2018's Best of Cool Tools, Part 2: Unpowered

There should be a word for this in German: That particular joy you experience when, after suffering for a long time with the wrong tool for the job, you finally acquire the right tool for the job. It’s even more satisfying when you didn’t even know this wondrous right tool existed.

Here are some tools you may not have heard of, that are all vast improvements over the conventional way of doing things.

Listen beautiful relax classics on our Youtube channel.

In the video linked here, master carpenter Matt Jackson demonstrates an old-school goodie, the slide hammer nail puller.

Another old-school tool is this ingenious, spinning implement for cutting accurate, repeatable inlays.

Michael David Young might have three names, like a serial killer, but he’s actually an industrial designer who invented this brilliant nail-dispensing hammer.

Greenlee’s ratcheting PVC Pipe Cutter provides clean, quick cuts and tool-less blade changes.

The Paperpot Transplanter isn’t a singular tool, but an entire system invented in Japan that makes farming way easier.

Another outdoor tool that makes a big difference: LogOX’s brilliant 3-in-1 back-saving forestry multitool.
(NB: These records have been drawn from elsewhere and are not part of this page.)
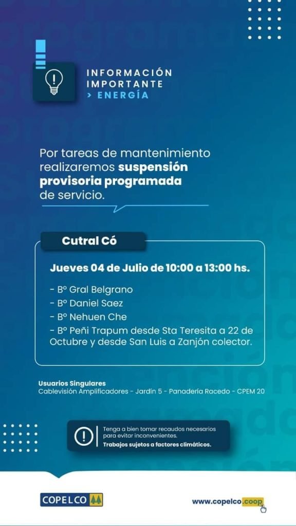 La cooperativa de Copelco informó a la comunidad de Cutral Co que se llevará a cabo una suspensión programada del servicio de energía eléctrica. Esta interrupción temporal se llevará a cabo el jueves 4 de julio, en el horario comprendido entre las 10:00 y las 13:00 horas.
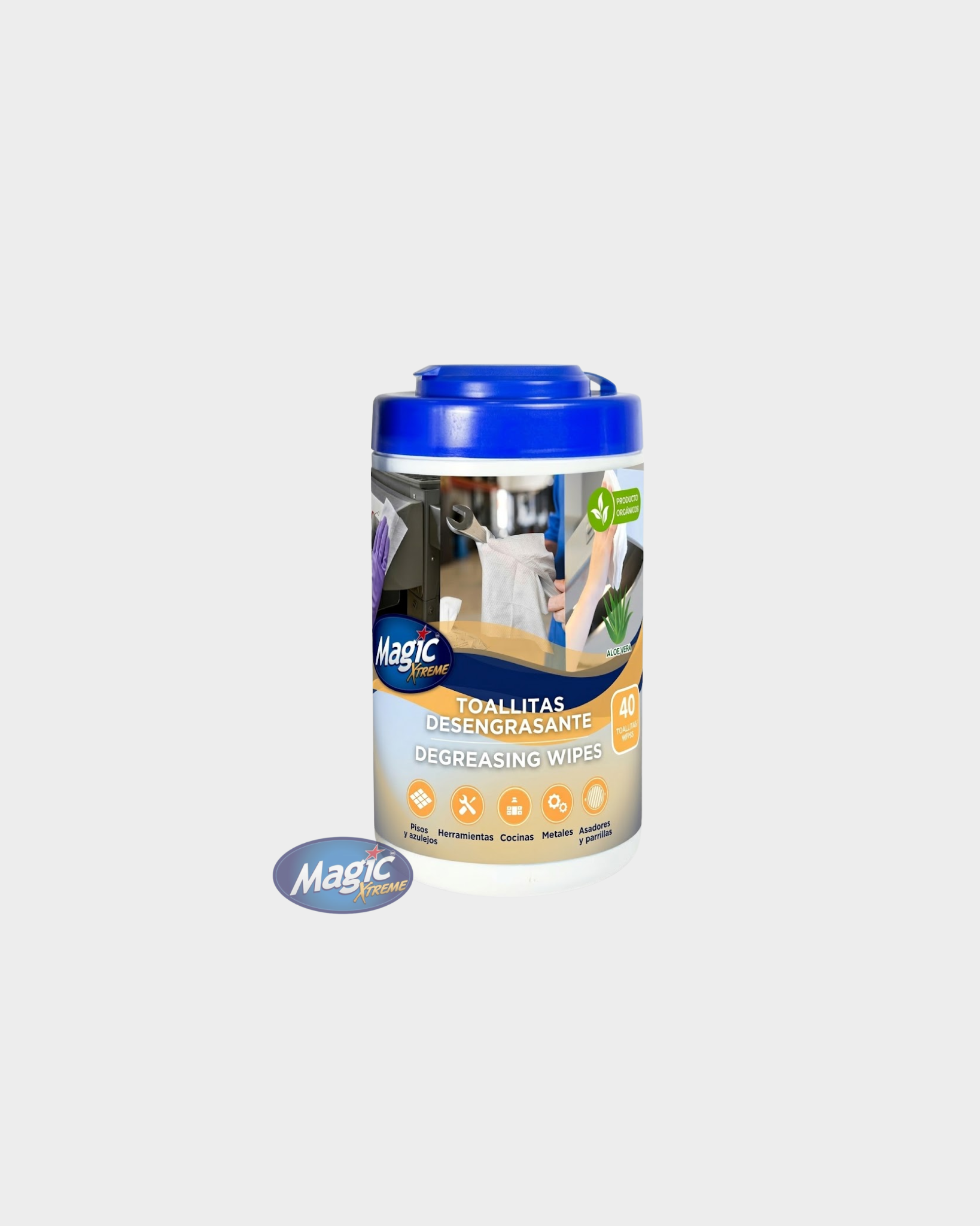 Toallitas desengrasantes listas para usar, formuladas con ingredientes ORGÁNICOS a base de agua.
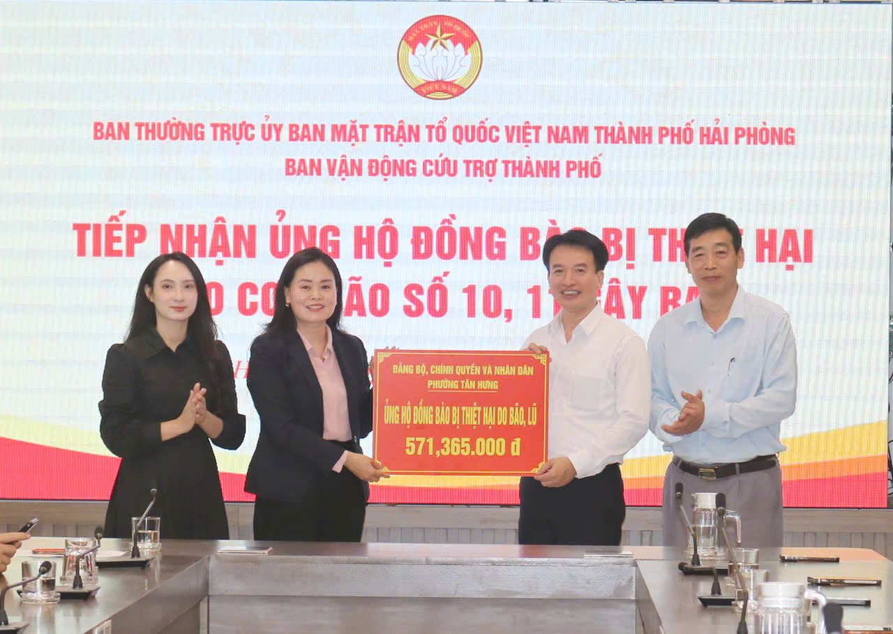 Đồng chí Nguyễn Đức Tuấn, Ủy viên Ban Thường vụ Thành ủy, Phó Chủ tịch Thường trực Ủy ban MTTQ Việt Nam thành phố Hải Phòng phát biểu tại buổi tiếp nhận ủng hộ.Tổng số tiền ủng hộ của 6 phường là 5.005.664.000 đồng. Trong đó, phường Hải Dương ủng hộ 686.276.000 đồng; phường Lê Thanh Nghị ủng hộ 2.108.945.000 đồng; phường Nam Đồng ủng hộ 279.881.000 đồng; phường Việt Hòa ủng hộ 309.197.000 đồng; phường Thành Đông ủng hộ 1.050.000.000 đồng và phường Tân Hưng ủng hộ 571,365.000 đồng. Đây là toàn bộ số tiền được quyên góp từ cán bộ, đảng viên, doanh nghiệp và nhân dân các phường, thể hiện truyền thống “lá lành đùm lá rách”, góp phần chia sẻ khó khăn, mất mát với đồng bào vùng bị ảnh hưởng bởi thiên tai.

If you need to lift something heavy, like a riding mower, by yourself, here are two different approaches to the problem: The MoJack and the Jungle Jack.

Sheetrock isn’t terribly heavy, but it’s darn unwieldy. For the lone worker trying get it up onto a ceiling without a panel lift, this hanger invention from the UK fits the bill nicely.

For studio-bound designers cutting foamcore for modelmaking, this new Perfect Cut tool, which lets you cut at precise angles, is the mutt’s nuts.

Need to draw a perfect ellipse on a piece of material? Traditional furniture makers used to accomplish this task with this nifty wooden ellipse jig.

While not a tool in its own right, the simple addition of a bendy straw to a can of WD-40 makes it way easier to spray the stuff into tricky places.